Congratulations! This is one of the most astonishing and impressing videos i’ve seen concerning foreign language speaking! If you can really speak all of these 10 languages fluently, its really hard to say which one is your mother tongue I can definetly say that german is not your mother language (i am :-)), and i am pretty sure your are not chinese or japonaise. It could be portuguese, maybe french or even hebrew?
Some of these languages i consider very tough to learn. You should definetly try thai language! If you only make a little mistake in the pronounciation or the tone it could mean something completely different leading to lot of fun if you speak to thai people! I tried to learn it for fun and i could ask for the hair dresser or order a beer - and it worked fine. I even could joke at the hairdresser but when they start to talk quickly you hardly understand anything!
To come to your topic i hardly can find anything to improve! I just wondered what the picture in the bottom left corner wants to say to me? From me a clear 5 star rating! *****
I can definetly say that french is not your mother language
Pour en revenir à votre vidéo, je n’ai rien à redire si ce n’est peut-être que personnellement j’aurai mis les sous-titres sur bandeau à 30 ou 50% d’opacité pour améliorer la visibilité des lettres blanches sur le fond clair.
Je mets la traduction en anglais pour les autres lecteurs, je suis persuadé que votre niveau vous permet de comprendre la version originale.
Coming back to your video, I have nothing to complain about except that I personally would have put the subtitles on a 30 or 50% opacity banner to improve the visibility of the white letters on the light background.
I put the translation in English for other readers, I am sure that your level allows you to understand the original version.
Other people have already commented on how fun your topic is (the most important part!), and I’ll add that I’m very impressed with the audio quality you achieved in that room. So I’ll add a couple of technical thoughts instead of content thoughts:
Contrast: There isn’t much of a visual cue that says “focus on my face” because your skin and the wall color are both on the lighter side, which means no contrast. A background that’s more opposite of your skin tone will create more contrast and clear focus. One way to achieve this is simply a different wall color. The other way is through lighting, which leads to…
Lighting: One way to achieve contrast is to put more distance between yourself and the background wall, then light yourself with a dedicated lamp or spotlight from the side rather than use overhead lighting. Three things will happen. First, eliminating overhead lighting will also eliminate the raccoon-eye shadows in your eye sockets. Second, a dedicated light that’s close to you will make you significantly brighter than the background wall, creating contrast even if the wall itself is white. The wall will still appear darker than you because it isn’t receiving as much light as you. Third, lighting from a slight side angle will create a side-to-side shadow gradient over your face, which gives us a sense of 3D form and depth that doesn’t happen when the entire face is washed out to the same level of brightness by straight-on lighting.

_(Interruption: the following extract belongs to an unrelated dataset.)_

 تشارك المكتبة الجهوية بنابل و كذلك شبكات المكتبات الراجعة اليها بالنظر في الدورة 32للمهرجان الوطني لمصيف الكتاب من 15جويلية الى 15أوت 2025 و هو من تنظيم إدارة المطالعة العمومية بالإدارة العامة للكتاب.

Zoom in more: If we made the entire frame red, then drew a green circle over your face, the green circle would only fill up 8% of the frame. If the face is the most important element, why is it given such a low percentage of the frame? This is the Occam’s Razor approach to composition… the important things should be given a higher percentage of the frame. It’s hard to hold viewer attention when literally 92% of the frame has nothing of interest to them. I realize you need some buffer for overlay graphics (which could all be done on a single side rather than both), and it’s true that nobody wants Nasal Cam to fill 100% of the screen. But in your case, I think a significant amount of zoom to make your face larger would go a long way, especially for cell phone viewers. If the phone is held in portrait mode and your video is shrunk to the top half of the screen, your face will be shrunk to around one centimeter wide with tons of buffer on the sides doing nothing. That’s too small of a face to hold viewer attention.

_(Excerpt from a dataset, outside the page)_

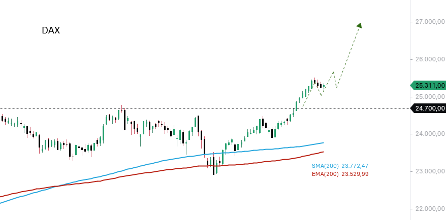 Trump’ın gümrük vergisi tehdidi Pazartesi günü DAX endeksini aşağı çekebilir. Ancak başkanın bu baskıyı ne kadar süreyle sürdüreceği tartışmalı. Çatışmalarda birkaç kez geri adım atmıştı. Sonuç olarak, endeksler rekor seviyelerde seyrediyor.
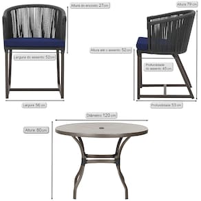 Fotos meramente ilustrativas. Tonalidades podem variar dependendo do monitor. Os objetos que ambientam as Fotos não acompanham o produto. Antes de comprar o seu produto verifique as medidas, o local onde pretende instalar e se necessário contratar o serviço de um profissional qualificado. Produto conhecido como: mesa e cadeiras, Jogo de jantar, Estofado impermeável, Móveis de exterior, Cadeira resistente à água, Cadeira estofada, Cadeira para área externa, Cadeira de jardim, Móveis para varanda, Cadeira durável, Cadeira de alta qualidade, Conforto em Cadeira, Cadeira elegante.

That’s all that stood out to me. None of those things prevented me from enjoying the video, so they aren’t complaints. They’re just ideas to hopefully make a good thing even better.
From a content perspective, the video is great! Talking head videos are always one of the hardest videos to make because it’s just one person talking into the camera. The trick is to avoid for it to be monotonous and keep the audience’s attention. So after a few minutes, it’s important to have a visual change of pace. Many bloggers solve this by changing the magnification, so that it’s zoomed in more. You can also film the different languages in different rooms or sometimes outside. A change of camera angle every 2 minutes is another. You can also change the background. Anything to visually to keep an audience’s attention especially in this age’s low attention span.
You have lots of opportunities to change the pace visually when you switch languages. Change shirts, hats, lighting, rooms. The possibilities are endless.